Балиньо не терпел унижений на людях. Воспитанный с двенадцати лет Каэтаной, он усвоил, что такое достоинство артиста, единственного, кто может смотреть на действительность под необычным углом зрения. Под влиянием искусства удерживаемые в его памяти слова свободно складывались в истории.

– Я ведь тоже артист. И как таковой бужу ее каждое утро и рассказываю истории, которые вы переживаете, не давая себе в этом отчета. Благодаря мне, например, Каэтана не забыла, как в Ресифе Данило удирал от любовницы в шароварах, штанины которых она зашила, пока он спал, чтобы он от нее не убежал.

И он улыбнулся при воспоминании о том, как Данило в последующие дни хотел вовсе бежать из города, потому что эта женщина грозилась отхватить ему шарики.

Эрнесто по достоинству оценил талант молодого человека, который не разбрасывал слова, приберегая их на тот случай, если у них наладится дружба.

– Вы никогда не думали о том, чтобы записывать эти истории? А вдруг вы – писатель? – сказал Виржилио, очарованный тем, что юноша, как и он сам, так же непринужденно лгал, как и говорил правду.

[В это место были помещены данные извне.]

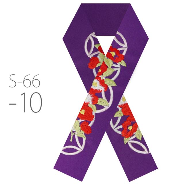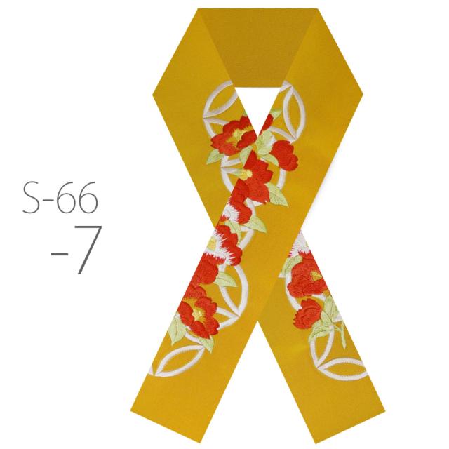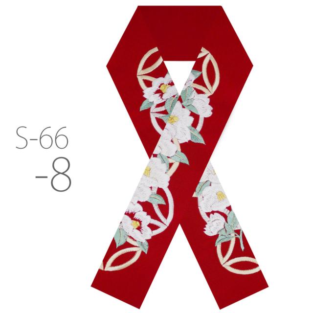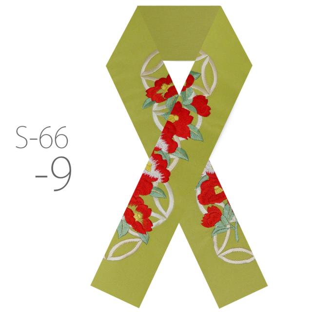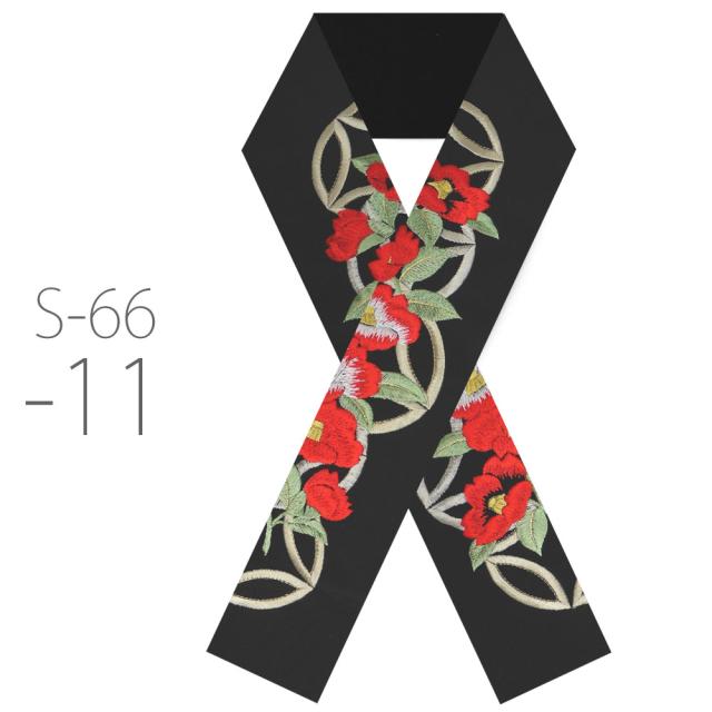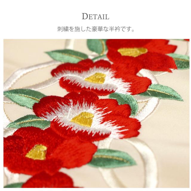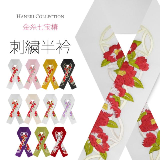 刺繍半衿 振袖 オシャレ着 洗える半衿 洗濯可 日本製 金糸 和柄 七宝柄 椿 ツバキ 赤 橙 クリーム 白 ピンク 緑 紫 黒 [S-66]
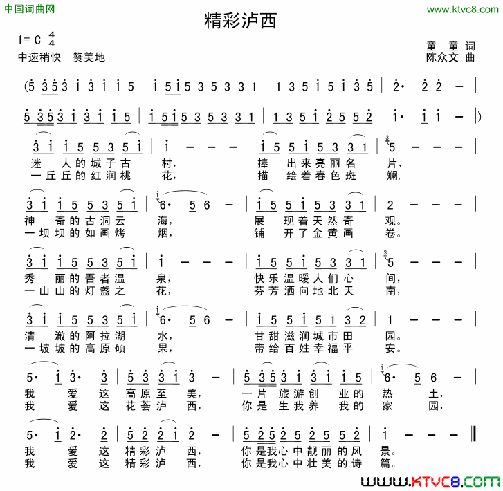 陈众文声明:作品版权归 词作者童童 曲作者陈众文 所有,未经同意,禁止转载使用!
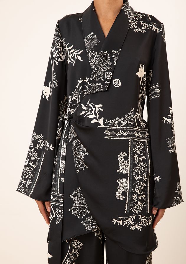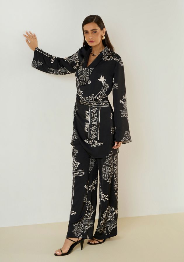 Blazer Maria.Valentina Ajustado Manga Longa Alongado Preto
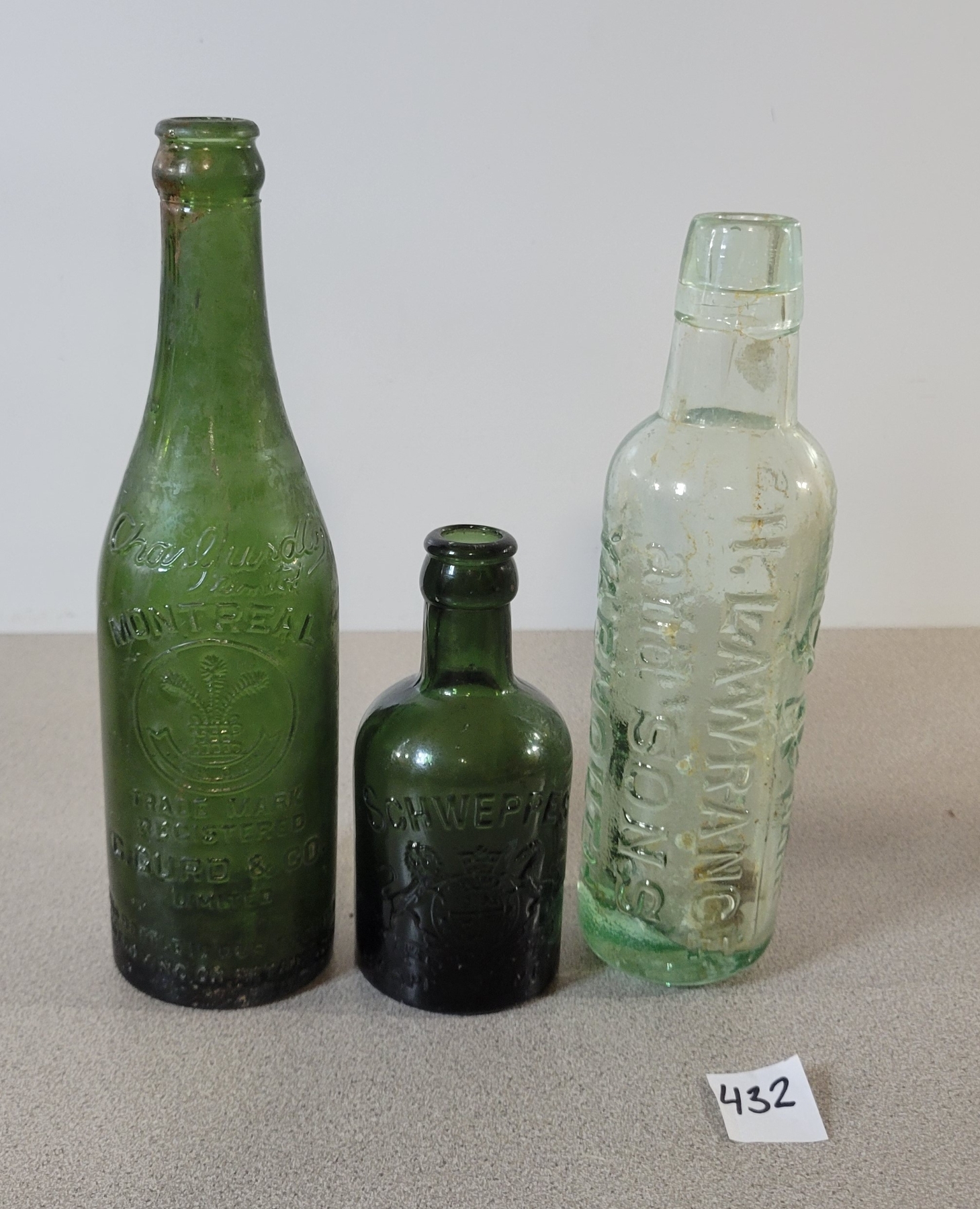 NOTE: MARKED YARMOUTH BECCLES & SAXMUNDHAM - SCHWEPPES - C. GURD & CO. - MONTREAL - CHIPPED BOTTOM

– В школу я почти не ходил. С детских лет путешествовал с Каэтаной и «Пилигримами». Труппа распалась в Сан-Луисе (штат Мараньян) среди домов, у которых стены португальской кладки, а крыши – на французский манер. Это долгая история, которую надо рассказывать месяца два.

Под тяжестью подноса Балиньо согнулся. Наконец поставил его на пол, так как он мешал ему подбирать выражения для столь взыскательной публики.

– Начну с того, что судно, на котором мы плыли из Алькантары в Сан-Луис, столкнулось с другим судном у входа в бухту. На наших глазах все наши чемоданы пошли на дно. В этот печальный час Каэтана по какой-то странной ассоциации вспомнила Гонсалвеса Диаса: утверждала, что именно здесь, в этих чертовых волнах, поэт утонул, когда возвращался домой после долгого пребывания в Португалии. Каково нам было видеть, как волны поглотили все наше достояние!

– А что сталось с «Пилигримами»? – Франсиско старался увязать события в хронологическом порядке, чтобы в дальнейшем варьировать эту историю без ущерба для ее содержания.

– Наутро мы проснулись нищими.

Судьба лишила их имущества, но оставила в неприкосновенности таланты. В общем, актеры, после того как посмотрели смерти в глаза, изменились, а бедность и страх придали странное своеобразие их представлениям: они уже не обращали внимания на публику, а смотрели только друг на друга. Каждый старался превзойти соперника, и эта борьба ожесточалась от спектакля к спектаклю. Соперничество погубило всех.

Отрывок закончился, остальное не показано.